[[ Records for the exercise, beginning ]]

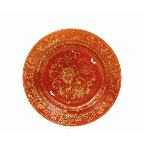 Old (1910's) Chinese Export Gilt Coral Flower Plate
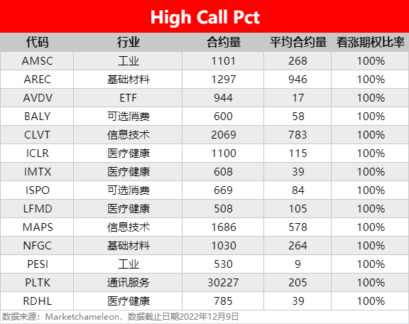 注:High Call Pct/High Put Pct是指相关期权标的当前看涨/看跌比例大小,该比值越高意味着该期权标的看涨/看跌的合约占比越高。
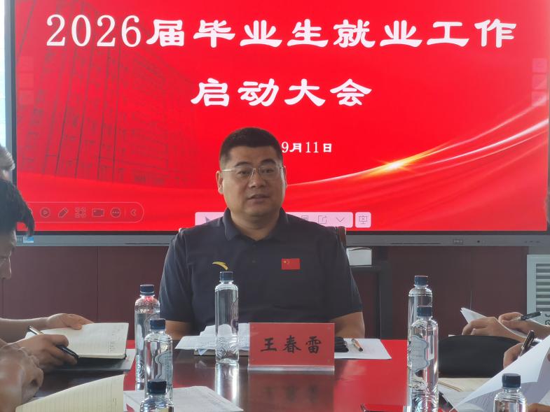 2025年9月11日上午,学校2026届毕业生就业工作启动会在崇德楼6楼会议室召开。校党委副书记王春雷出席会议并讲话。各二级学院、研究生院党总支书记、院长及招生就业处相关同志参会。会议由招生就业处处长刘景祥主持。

[[ Records for the exercise, end ]]
[[ Records for the exercise, beginning ]]

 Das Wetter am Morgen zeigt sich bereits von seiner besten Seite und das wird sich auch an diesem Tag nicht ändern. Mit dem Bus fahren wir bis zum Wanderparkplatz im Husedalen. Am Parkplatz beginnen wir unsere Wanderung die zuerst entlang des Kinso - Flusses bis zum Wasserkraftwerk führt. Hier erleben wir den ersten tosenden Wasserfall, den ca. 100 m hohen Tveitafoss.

[[ Records for the exercise, end ]]

→ What the exercise asks
Looking at the listing above, which lines run from the one containing "注:High Call Pct/High" through the one containing "2025年9月11日上午,学"? Print exactly those, ends included, pictures excluded.

→ Exercise answer
 注:High Call Pct/High Put Pct是指相关期权标的当前看涨/看跌比例大小,该比值越高意味着该期权标的看涨/看跌的合约占比越高。
 2025年9月11日上午,学校2026届毕业生就业工作启动会在崇德楼6楼会议室召开。校党委副书记王春雷出席会议并讲话。各二级学院、研究生院党总支书记、院长及招生就业处相关同志参会。会议由招生就业处处长刘景祥主持。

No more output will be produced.